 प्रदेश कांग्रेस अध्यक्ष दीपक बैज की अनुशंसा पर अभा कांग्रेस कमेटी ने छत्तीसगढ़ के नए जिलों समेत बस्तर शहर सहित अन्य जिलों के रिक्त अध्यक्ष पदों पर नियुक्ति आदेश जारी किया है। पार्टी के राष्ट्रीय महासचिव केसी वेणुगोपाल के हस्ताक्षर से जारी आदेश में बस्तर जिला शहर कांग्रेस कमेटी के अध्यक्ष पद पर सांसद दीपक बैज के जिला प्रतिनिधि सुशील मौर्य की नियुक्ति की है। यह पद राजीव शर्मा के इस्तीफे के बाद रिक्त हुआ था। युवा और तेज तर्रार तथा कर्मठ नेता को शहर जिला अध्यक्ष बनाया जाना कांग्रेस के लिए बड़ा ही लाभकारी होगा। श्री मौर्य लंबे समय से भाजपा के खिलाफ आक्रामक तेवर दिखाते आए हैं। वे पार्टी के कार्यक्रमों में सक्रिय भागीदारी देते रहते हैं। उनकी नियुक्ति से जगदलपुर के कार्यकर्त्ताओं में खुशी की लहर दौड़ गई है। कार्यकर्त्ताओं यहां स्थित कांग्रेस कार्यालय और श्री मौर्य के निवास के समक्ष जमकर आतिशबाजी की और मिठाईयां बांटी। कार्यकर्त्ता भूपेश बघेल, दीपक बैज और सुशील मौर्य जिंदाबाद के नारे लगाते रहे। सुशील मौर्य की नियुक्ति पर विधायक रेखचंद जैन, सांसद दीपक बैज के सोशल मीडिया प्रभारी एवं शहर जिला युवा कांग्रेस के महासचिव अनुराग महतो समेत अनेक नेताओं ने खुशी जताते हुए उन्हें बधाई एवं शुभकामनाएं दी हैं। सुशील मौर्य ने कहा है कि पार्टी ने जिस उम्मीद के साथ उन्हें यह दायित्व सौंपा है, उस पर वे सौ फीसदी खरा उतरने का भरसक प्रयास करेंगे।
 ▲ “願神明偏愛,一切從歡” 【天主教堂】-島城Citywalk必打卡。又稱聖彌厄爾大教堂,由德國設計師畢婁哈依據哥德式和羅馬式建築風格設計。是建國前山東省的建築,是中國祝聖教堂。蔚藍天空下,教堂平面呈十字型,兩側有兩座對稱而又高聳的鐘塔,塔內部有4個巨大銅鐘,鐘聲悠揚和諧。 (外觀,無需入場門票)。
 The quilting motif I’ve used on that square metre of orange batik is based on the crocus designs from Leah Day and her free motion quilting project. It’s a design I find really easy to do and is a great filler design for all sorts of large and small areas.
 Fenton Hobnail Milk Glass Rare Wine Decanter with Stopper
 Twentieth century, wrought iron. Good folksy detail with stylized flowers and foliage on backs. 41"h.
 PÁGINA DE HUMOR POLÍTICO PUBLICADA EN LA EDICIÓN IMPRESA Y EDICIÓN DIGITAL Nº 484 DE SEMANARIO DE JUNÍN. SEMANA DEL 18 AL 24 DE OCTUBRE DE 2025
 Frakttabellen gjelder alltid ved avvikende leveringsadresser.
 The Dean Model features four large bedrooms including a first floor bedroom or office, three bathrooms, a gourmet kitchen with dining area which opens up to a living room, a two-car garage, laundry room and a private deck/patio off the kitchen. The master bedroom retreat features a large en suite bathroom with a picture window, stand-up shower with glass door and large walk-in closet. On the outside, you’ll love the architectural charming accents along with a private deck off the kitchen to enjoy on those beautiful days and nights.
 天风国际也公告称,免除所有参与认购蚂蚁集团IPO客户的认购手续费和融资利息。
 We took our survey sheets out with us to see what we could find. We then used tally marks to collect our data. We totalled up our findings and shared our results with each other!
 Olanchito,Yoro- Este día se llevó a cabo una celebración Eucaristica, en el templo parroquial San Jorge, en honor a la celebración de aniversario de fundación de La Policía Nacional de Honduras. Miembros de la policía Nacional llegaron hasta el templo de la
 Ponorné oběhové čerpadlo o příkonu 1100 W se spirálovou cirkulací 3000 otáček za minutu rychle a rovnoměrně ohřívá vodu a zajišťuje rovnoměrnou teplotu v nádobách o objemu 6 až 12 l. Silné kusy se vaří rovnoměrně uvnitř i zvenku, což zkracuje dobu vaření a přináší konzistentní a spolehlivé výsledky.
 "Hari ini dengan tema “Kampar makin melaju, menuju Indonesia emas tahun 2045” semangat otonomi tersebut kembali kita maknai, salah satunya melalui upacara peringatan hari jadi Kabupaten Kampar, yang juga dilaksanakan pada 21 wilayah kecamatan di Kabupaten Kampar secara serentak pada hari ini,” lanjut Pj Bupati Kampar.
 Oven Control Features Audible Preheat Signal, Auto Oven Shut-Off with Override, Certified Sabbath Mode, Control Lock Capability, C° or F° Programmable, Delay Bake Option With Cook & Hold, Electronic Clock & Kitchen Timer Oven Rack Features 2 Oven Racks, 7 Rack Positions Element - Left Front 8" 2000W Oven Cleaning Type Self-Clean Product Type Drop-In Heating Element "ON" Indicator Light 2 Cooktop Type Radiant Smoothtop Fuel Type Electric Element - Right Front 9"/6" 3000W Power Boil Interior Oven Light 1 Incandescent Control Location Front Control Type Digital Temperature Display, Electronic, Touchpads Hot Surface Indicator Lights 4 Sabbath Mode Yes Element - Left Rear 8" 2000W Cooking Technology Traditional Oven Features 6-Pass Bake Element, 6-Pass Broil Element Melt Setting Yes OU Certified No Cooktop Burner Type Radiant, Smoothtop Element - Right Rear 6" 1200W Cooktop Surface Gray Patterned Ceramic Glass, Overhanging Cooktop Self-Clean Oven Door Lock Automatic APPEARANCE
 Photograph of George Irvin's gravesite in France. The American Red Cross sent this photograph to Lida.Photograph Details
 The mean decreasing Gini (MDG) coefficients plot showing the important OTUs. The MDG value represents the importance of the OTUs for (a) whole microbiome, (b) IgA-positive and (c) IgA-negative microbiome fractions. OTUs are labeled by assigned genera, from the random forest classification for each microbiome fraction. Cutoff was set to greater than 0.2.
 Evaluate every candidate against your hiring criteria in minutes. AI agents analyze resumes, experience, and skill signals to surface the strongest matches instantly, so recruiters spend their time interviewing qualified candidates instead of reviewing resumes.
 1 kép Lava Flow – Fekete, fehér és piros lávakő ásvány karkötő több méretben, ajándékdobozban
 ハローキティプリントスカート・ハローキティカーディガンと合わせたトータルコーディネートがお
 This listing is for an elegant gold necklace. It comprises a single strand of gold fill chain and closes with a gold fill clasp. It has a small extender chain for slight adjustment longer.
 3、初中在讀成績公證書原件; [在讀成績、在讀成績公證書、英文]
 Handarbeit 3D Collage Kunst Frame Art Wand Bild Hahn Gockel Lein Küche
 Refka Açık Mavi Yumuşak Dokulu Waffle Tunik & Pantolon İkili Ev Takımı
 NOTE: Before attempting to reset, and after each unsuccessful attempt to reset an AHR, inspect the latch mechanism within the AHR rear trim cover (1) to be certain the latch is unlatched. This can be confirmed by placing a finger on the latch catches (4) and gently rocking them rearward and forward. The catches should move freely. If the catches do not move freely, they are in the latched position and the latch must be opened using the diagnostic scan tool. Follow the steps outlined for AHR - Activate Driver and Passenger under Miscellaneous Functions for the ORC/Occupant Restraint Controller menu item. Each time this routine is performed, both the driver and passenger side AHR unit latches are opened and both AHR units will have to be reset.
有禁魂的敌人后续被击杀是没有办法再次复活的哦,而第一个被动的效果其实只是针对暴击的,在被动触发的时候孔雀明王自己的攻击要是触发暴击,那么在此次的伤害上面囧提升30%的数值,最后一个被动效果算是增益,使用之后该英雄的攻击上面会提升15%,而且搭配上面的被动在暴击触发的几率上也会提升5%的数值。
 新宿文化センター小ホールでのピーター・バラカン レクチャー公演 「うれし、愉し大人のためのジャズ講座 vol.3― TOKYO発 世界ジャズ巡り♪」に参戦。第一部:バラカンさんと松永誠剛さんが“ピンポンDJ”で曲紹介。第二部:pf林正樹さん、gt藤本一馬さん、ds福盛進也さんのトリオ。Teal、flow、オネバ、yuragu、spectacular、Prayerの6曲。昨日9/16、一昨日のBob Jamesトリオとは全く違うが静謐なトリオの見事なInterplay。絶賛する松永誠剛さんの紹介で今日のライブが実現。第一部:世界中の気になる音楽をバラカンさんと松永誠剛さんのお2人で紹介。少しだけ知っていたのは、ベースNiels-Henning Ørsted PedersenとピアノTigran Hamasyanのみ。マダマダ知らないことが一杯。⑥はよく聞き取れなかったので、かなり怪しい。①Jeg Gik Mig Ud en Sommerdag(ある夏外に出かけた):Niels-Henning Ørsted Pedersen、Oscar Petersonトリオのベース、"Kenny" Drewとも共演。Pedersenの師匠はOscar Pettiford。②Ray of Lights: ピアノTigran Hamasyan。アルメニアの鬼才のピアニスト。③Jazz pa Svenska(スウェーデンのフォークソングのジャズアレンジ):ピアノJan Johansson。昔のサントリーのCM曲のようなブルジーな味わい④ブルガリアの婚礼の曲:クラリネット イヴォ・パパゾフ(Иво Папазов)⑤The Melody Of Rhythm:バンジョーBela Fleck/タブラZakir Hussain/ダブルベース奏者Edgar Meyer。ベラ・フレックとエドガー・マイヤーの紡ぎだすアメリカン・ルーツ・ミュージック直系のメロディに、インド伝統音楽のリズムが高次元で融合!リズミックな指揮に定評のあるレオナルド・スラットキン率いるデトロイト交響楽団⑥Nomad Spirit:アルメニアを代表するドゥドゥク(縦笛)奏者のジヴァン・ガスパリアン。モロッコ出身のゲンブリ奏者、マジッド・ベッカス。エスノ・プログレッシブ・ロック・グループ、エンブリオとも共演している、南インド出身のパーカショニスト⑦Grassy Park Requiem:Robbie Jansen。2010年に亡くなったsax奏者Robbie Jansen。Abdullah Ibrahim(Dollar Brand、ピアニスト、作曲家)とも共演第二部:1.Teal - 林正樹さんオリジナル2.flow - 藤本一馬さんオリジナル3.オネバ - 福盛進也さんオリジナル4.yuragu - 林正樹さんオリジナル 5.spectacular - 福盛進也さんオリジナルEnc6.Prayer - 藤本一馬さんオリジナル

* Task directions: Please copy each line of the entries in which the word "large" shows up.

* Finished task:
 The quilting motif I’ve used on that square metre of orange batik is based on the crocus designs from Leah Day and her free motion quilting project. It’s a design I find really easy to do and is a great filler design for all sorts of large and small areas.
 The Dean Model features four large bedrooms including a first floor bedroom or office, three bathrooms, a gourmet kitchen with dining area which opens up to a living room, a two-car garage, laundry room and a private deck/patio off the kitchen. The master bedroom retreat features a large en suite bathroom with a picture window, stand-up shower with glass door and large walk-in closet. On the outside, you’ll love the architectural charming accents along with a private deck off the kitchen to enjoy on those beautiful days and nights.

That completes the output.